__Available data__
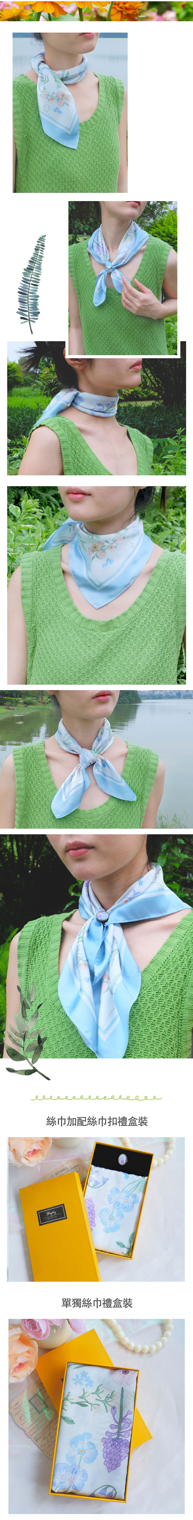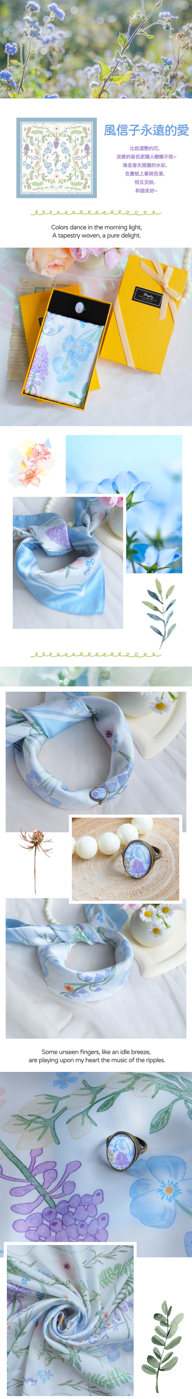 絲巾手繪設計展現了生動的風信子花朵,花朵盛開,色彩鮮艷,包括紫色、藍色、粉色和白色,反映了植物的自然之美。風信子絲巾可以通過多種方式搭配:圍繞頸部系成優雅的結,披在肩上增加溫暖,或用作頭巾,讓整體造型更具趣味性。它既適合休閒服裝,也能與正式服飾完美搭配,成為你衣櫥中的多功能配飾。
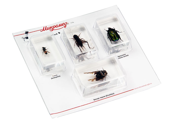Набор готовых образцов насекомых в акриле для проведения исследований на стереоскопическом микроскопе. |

---

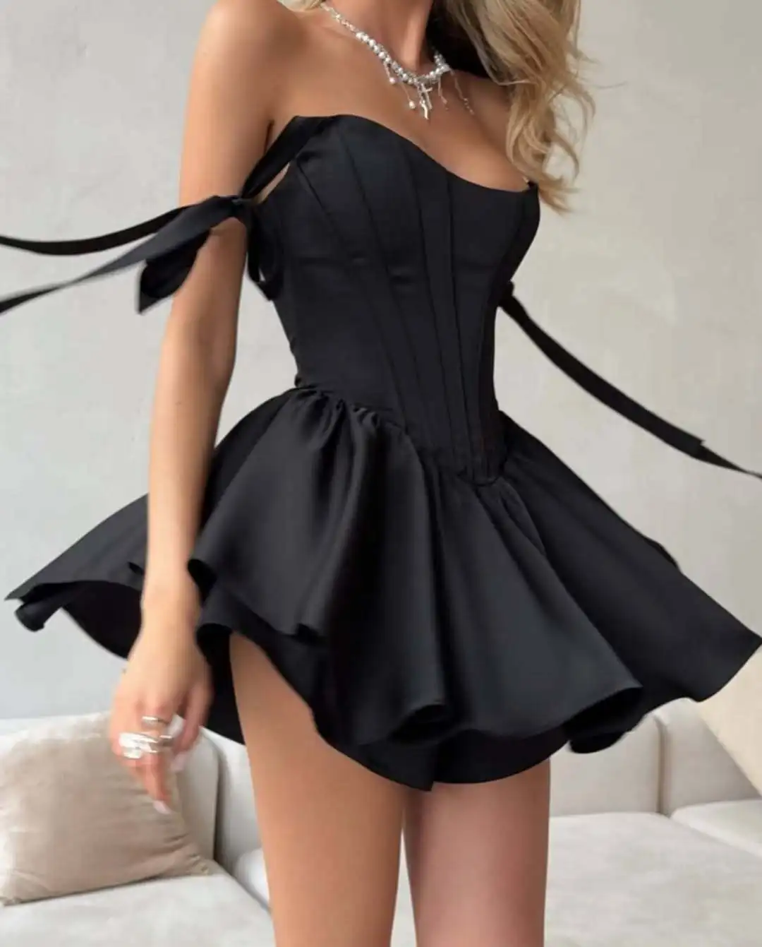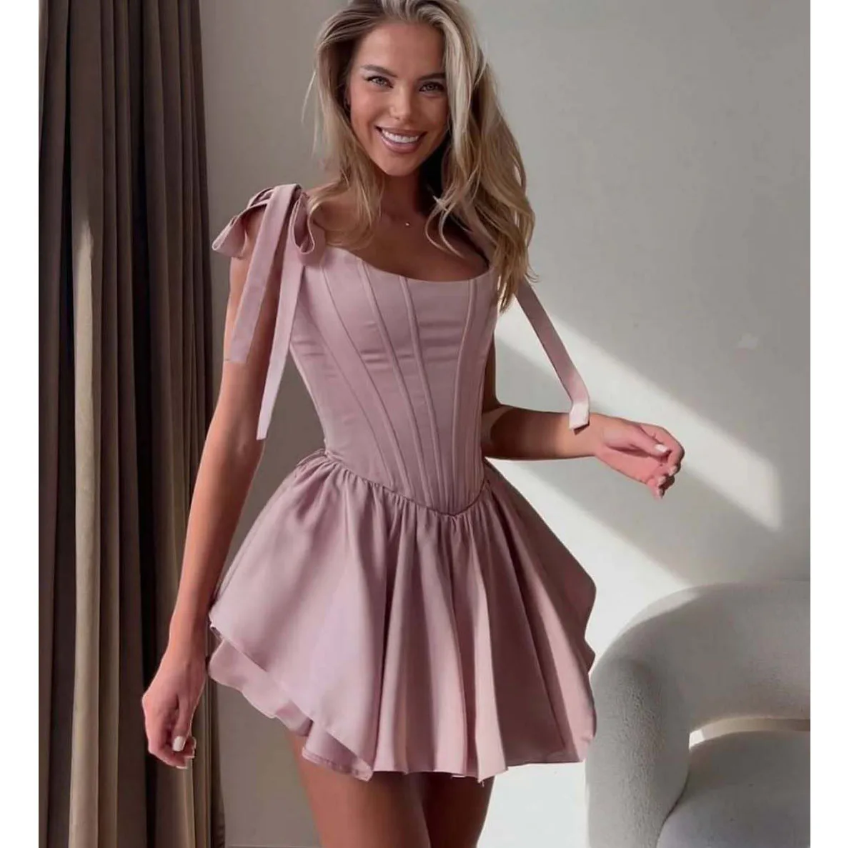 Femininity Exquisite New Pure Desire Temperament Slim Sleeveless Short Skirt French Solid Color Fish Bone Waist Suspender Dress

__Prompt__
Write out exactly the lines above between the one with "絲巾手繪設計展現了生動的風信" and the one with "Набор готовых образцов", inclusive, with pictures left out.

__Task output__
 絲巾手繪設計展現了生動的風信子花朵,花朵盛開,色彩鮮艷,包括紫色、藍色、粉色和白色,反映了植物的自然之美。風信子絲巾可以通過多種方式搭配:圍繞頸部系成優雅的結,披在肩上增加溫暖,或用作頭巾,讓整體造型更具趣味性。它既適合休閒服裝,也能與正式服飾完美搭配,成為你衣櫥中的多功能配飾。
Набор готовых образцов насекомых в акриле для проведения исследований на стереоскопическом микроскопе. |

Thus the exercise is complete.